--- RECORDS FOR THE EXERCISE Enclosed Below ---
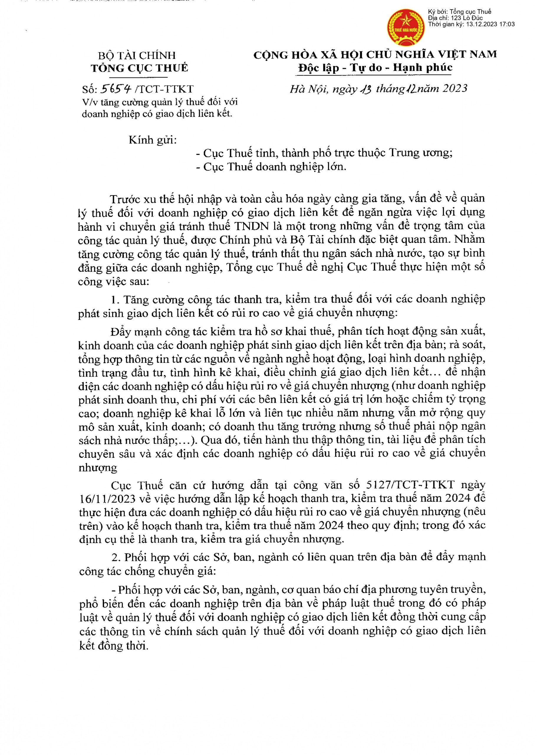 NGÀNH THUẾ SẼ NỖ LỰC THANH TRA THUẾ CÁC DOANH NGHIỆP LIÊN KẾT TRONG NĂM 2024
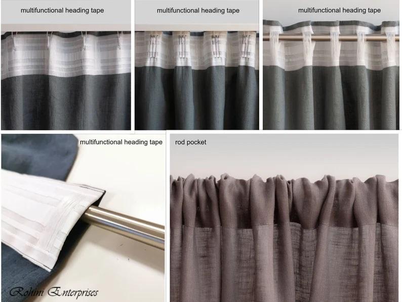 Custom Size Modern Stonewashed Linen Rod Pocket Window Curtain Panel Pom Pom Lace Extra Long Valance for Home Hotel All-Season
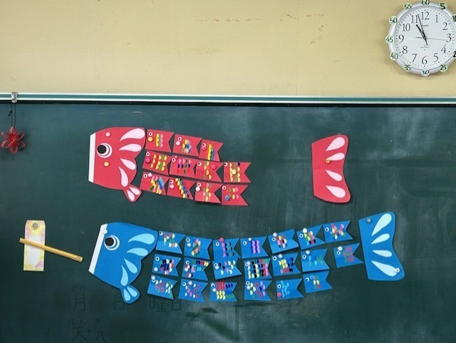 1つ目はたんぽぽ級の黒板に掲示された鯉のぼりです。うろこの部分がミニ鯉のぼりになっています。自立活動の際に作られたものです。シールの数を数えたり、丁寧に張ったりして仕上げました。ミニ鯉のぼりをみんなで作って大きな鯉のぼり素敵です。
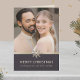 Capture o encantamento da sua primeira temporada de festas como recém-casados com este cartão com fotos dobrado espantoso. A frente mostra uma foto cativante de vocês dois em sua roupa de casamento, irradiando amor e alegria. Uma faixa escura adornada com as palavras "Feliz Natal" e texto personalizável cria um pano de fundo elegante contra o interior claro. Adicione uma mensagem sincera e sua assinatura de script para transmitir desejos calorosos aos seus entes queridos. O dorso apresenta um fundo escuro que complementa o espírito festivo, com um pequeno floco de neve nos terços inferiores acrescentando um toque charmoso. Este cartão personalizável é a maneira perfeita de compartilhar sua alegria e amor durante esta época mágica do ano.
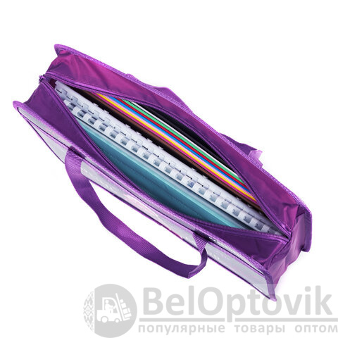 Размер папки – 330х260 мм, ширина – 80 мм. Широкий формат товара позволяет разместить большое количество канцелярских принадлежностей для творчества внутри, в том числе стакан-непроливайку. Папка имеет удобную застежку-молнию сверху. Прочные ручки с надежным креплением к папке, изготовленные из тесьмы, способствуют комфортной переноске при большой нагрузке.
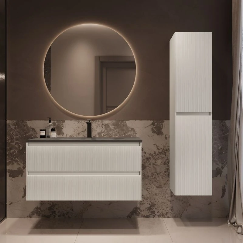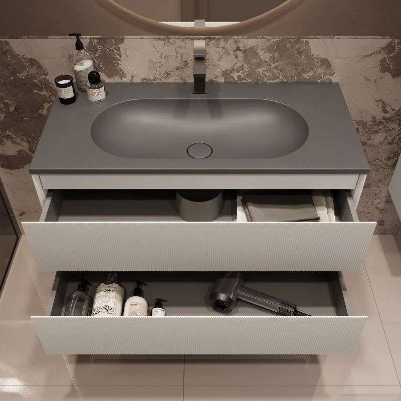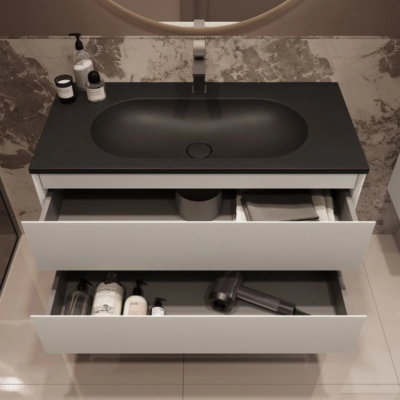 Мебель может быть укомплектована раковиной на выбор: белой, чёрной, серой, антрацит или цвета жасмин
--- End of Enclosed RECORDS FOR THE EXERCISE ---
> [PROBLEM TO WORK ON]:
Every line from the one that holds "Размер папки –" to the last line of the records above goes into the answer, exactly as written; nothing else does, and no picture does either.

> [RESPONSE TO THE TASK]:
 Размер папки – 330х260 мм, ширина – 80 мм. Широкий формат товара позволяет разместить большое количество канцелярских принадлежностей для творчества внутри, в том числе стакан-непроливайку. Папка имеет удобную застежку-молнию сверху. Прочные ручки с надежным креплением к папке, изготовленные из тесьмы, способствуют комфортной переноске при большой нагрузке.
 Мебель может быть укомплектована раковиной на выбор: белой, чёрной, серой, антрацит или цвета жасмин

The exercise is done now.